Using the data below, set down every line from the one containing "Y el otro producto" through the one containing "室外寒意未消,棚内暖意融融。", inclusive and unchanged. Pictures are to be skipped.
───── EXTRACTED MATERIAL
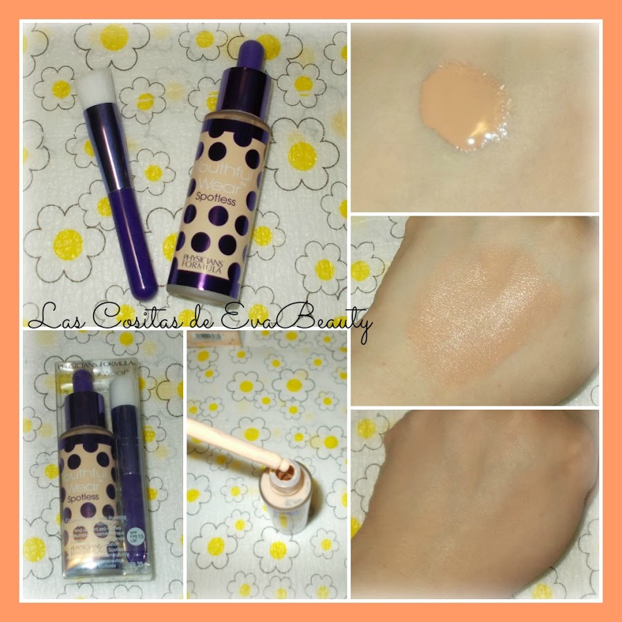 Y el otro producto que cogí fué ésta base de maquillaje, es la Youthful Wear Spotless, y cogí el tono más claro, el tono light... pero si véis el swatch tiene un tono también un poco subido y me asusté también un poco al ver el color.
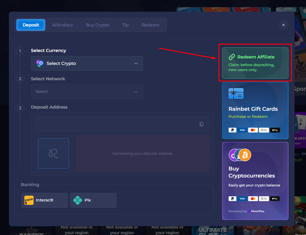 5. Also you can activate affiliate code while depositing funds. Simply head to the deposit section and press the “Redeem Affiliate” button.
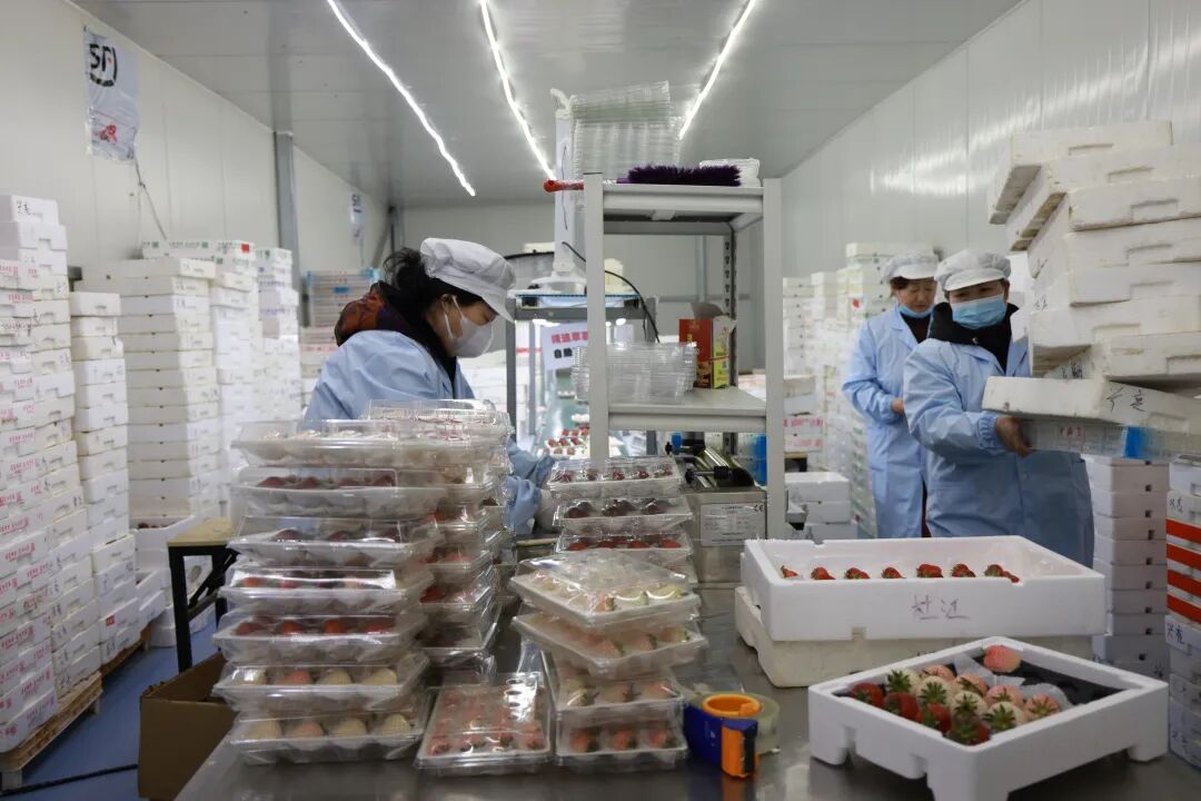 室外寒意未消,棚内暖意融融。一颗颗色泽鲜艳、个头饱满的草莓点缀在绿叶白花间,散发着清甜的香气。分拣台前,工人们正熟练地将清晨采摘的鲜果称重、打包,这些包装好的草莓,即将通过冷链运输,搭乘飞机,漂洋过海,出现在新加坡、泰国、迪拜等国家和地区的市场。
──────────
───── EXTRACTED MATERIAL
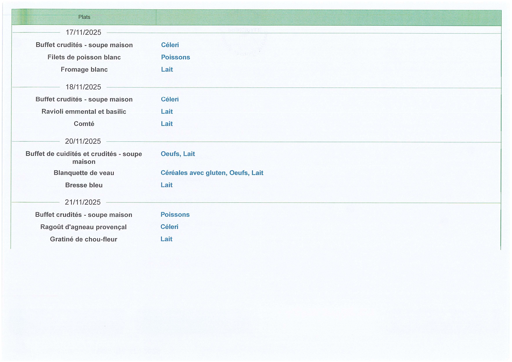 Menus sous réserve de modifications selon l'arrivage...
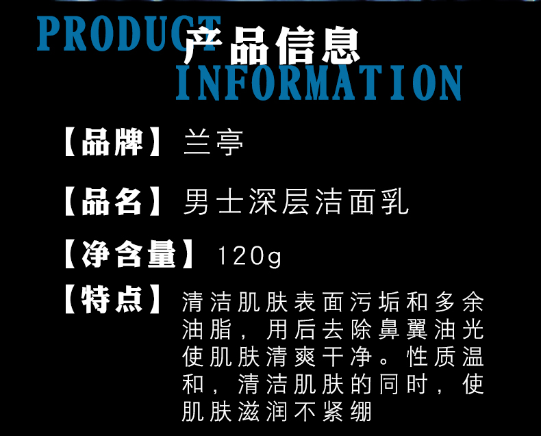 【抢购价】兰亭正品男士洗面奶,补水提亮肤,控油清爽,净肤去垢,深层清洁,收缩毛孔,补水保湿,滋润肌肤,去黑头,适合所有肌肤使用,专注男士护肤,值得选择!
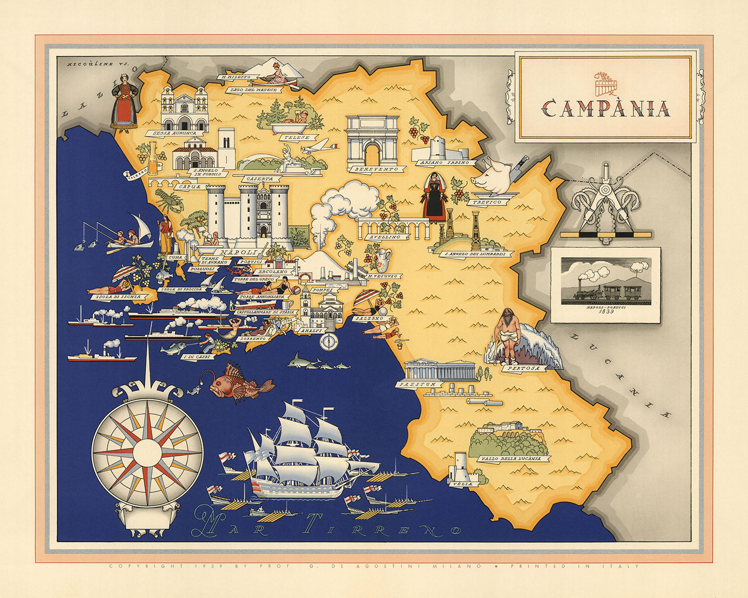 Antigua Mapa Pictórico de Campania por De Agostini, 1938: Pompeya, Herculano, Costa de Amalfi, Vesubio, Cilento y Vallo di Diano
──────────
RESPONSE -
 Y el otro producto que cogí fué ésta base de maquillaje, es la Youthful Wear Spotless, y cogí el tono más claro, el tono light... pero si véis el swatch tiene un tono también un poco subido y me asusté también un poco al ver el color.
 5. Also you can activate affiliate code while depositing funds. Simply head to the deposit section and press the “Redeem Affiliate” button.
 室外寒意未消,棚内暖意融融。一颗颗色泽鲜艳、个头饱满的草莓点缀在绿叶白花间,散发着清甜的香气。分拣台前,工人们正熟练地将清晨采摘的鲜果称重、打包,这些包装好的草莓,即将通过冷链运输,搭乘飞机,漂洋过海,出现在新加坡、泰国、迪拜等国家和地区的市场。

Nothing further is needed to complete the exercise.